Девчонки просияли, особенно, Лариса.
– Я старалась. Убил тигра?
– Убил. И тигра, и тигрицу, и тигрят.
Лариса ахнула:
– А тигрят-то за что?
– За то, что вырастут и начнут на людей охотиться.
– А с мамой моей, что? – осторожно спросила Наташа.
– Съели. Что осталось, я похоронил.
Она закрыла лицо ладонями и отошла в сторону. Лариса, выждав некоторое время (действительно, в чуткости не откажешь), подошла к ней сзади и принялась гладить по голове. Я встал, взял оба оцинкованных ведра и пошёл к роднику за водой. В квартире у меня лежат полипропиленовые трубы, надо будет провести воду за ограду, чтобы не выходить.
Принеся вёдра с водой в ограду, взял эмалированное ведро и пустой рюкзак.
Ведро поставил под струю воды, а в рюкзак напихал камней. Еле доволок.
Камни выложил кругом, обозначив место для костра. Вёдра поставил на самый солнцепёк, чтобы вода в них хоть немного нагрелась. Взял «Гускварну», заглянул в бачок. Полбачка есть, должно хватить. Вышел с пилой за изгородь, закрыл за собой ворота. У самых скал стояло старое, засохшее дерево. Я его спилил. Внутри оказалось не трухлявым, что и требовалось. Спилил второе дерево, самое близкое к изгороди.
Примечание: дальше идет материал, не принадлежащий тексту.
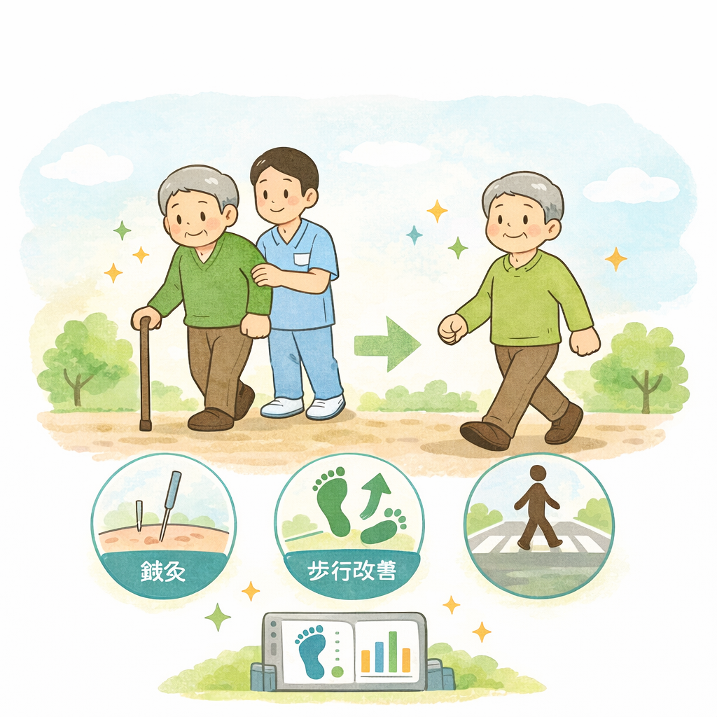 - 21件のRCT・1,463名を対象にした大規模解析で、鍼灸+リハビリ群はリハビリ単独群より歩幅・歩行速度・歩調など主要な歩行パラメータが有意に改善した。
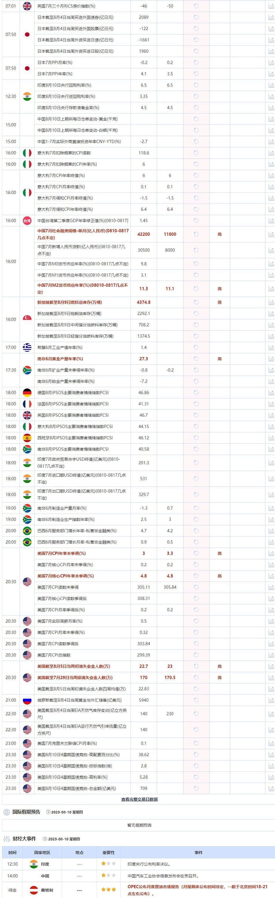 后续及时更新的财历数据请关注:【汇通财经8月10日财经日历】
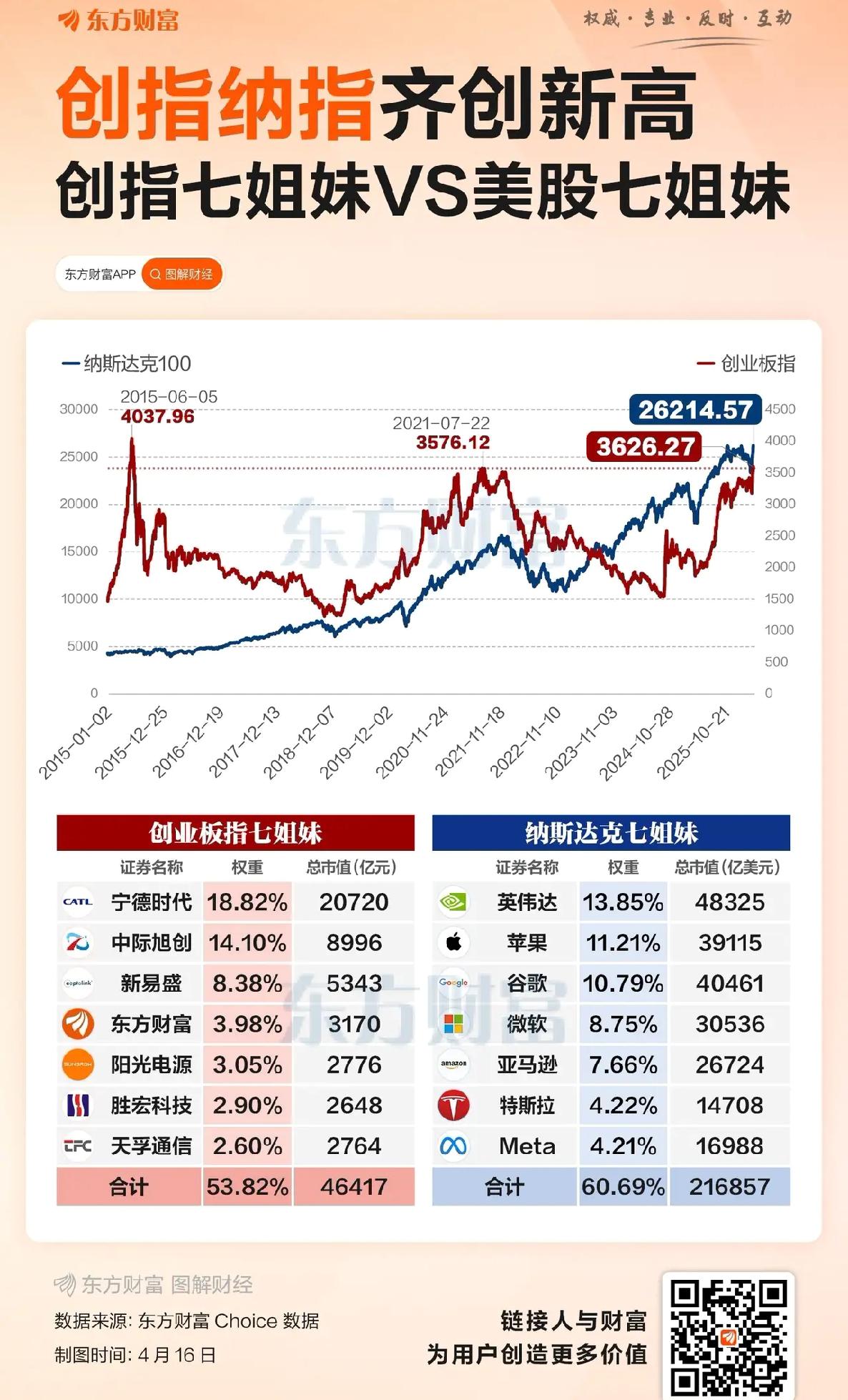 创业板对标纳斯达克很有志气,但所谓的创业板“七姐妹”还差了点成色。 看东方财富网画的图,代表创指的红线与代表纳指的蓝线如影形随、齐驾齐驱,主要因为双方“七姐妹”都很给力,占了权重过半的比例。 但看市值,纳指的英伟达、苹果、谷歌、微软、亚马逊、特斯拉、Meta,合计达21万亿美刀,而创指的宁德时代、中际旭创、新易盛、东方财富、阳光电源、胜宏科技、天孚通信,合计达4.6万亿RMB。 特别是创指“七姐妹”行业分布:宁王做电池及储能、阳光做光伏设备、胜宏做PCB,算是各有新天地;而“易中天”都做光模块,是内卷在一起;至于东财,本质上就一券商股,一直在拖创指的后腿。 当人工智能、机器人、无人驾驶、商业航天等行业有新巨头冒出来时,“七姐妹”的说法才合理。
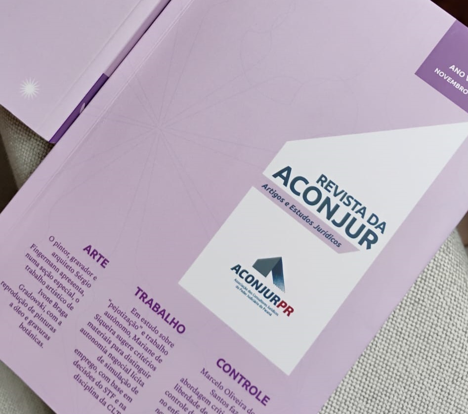 A Revista da Aconjur nº 6 vai ser lançada, na versão online, no dia 27 de novembro. A partir dessa data, será possível acessar, pela página da associação na internet, o conteúdo dos artigos e trabalhos jurídicos da edição. Desta vez, um capítulo especial vai reproduzir trabalhos da artista Ivone Gradowski, com pinturas acrílicas sobre tela e aquarela e grafite sobre papel.
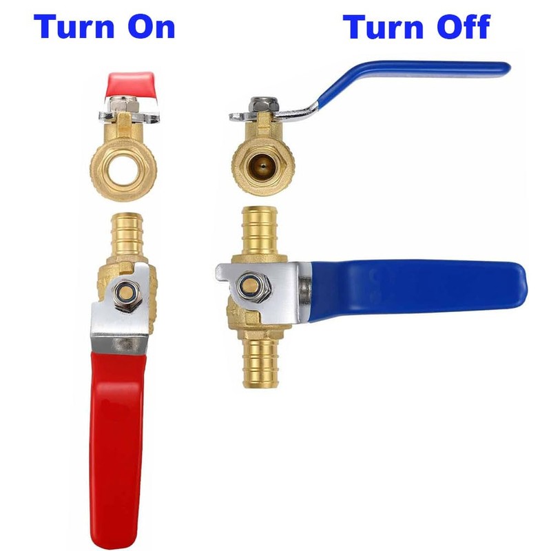 - Pex 1/2 Inch Pex Brass Full Port Shut-off Ball Valve Hot and Cold (Blue and Red Handle)
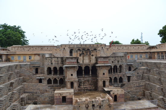 Schließlich gelang ich zu einem großen Kreisel und musste mich wagemutig in den Verkehr stürzen um auf die andere Straßenseite zu gelangen. Wenn man da nicht aufpasst kann man schnell von einem der verschiedenen heranrasenden Fahrzeuge erfasst werden. Ohne Blessuren kam ich zum Glück rüber und machte mich auf dem Weg zu Hawa Mahal, das auffälligste Wahrzeichen von Jaipur. Es ist ein filigran gearbeiteter Traum im Wabendesign wie aus dem Märchen. Es besteht aus rosafarbenem Sandstein und ist fünf Stockwerke hoch.

Деревья подтащил к воротам, отпилил сучья. На засохшем дереве отпиливал, как попало. На свежем, тщательно, но так, чтобы выступали на несколько сантиметров. Старое дерево распилил на чурбачки. Открыл ворота, перекидал в ограду чурки, сучья, верхушки деревьев. Распилил свежее дерево напополам. Чурбачки и сухие ветки отнёс к будущему кострищу и взялся за топор. Затесал оба, получившихся у меня, столба и вкопал их в землю. Там где сучьев было мало, вбил в столбы гвозди. И стал развешивать на обоих столбах кухонную утварь: кастрюли, сковородки. На гвозди даже кружки одевались за ручки.
– Здорово придумал! – Лариска подскочила помогать. Вскоре вся посуда цивильно была повешена на столбы.
Вбил у кострища рогатки, положил поперёк палку, проверил на прочность. Пожалуй, даже пару вёдер выдержит. На кучу хвороста уложил пару чурбачков и разжёг костёр. Над поляной поплыл дымок, запахло горящим деревом. Повесил над костром одно оцинкованное ведро с водой. Пожалел, что не все вёдра сразу забрал. Ладно, завтра исправим ошибку.
Девчонки уже уселись у костра.
– Если пахнет дымом, значит, пахнет домом, – провозгласила Наталья.
– И дом вам сейчас поставлю, – сказал я, берясь за польскую палатку. Девушки хотели помочь, но я их отогнал – только мешать будем друг другу, один управлюсь. Через полчаса польская двухслойная четырёхместка с навесом и тамбуром была установлена входом к костру. Но на положенном удалении от огня. В палатку закинул два туристических пенополивиниловых коврика и Наташин плед, на всякий случай. Это я ночью не мёрзну, вдруг девчонкам холодно будет.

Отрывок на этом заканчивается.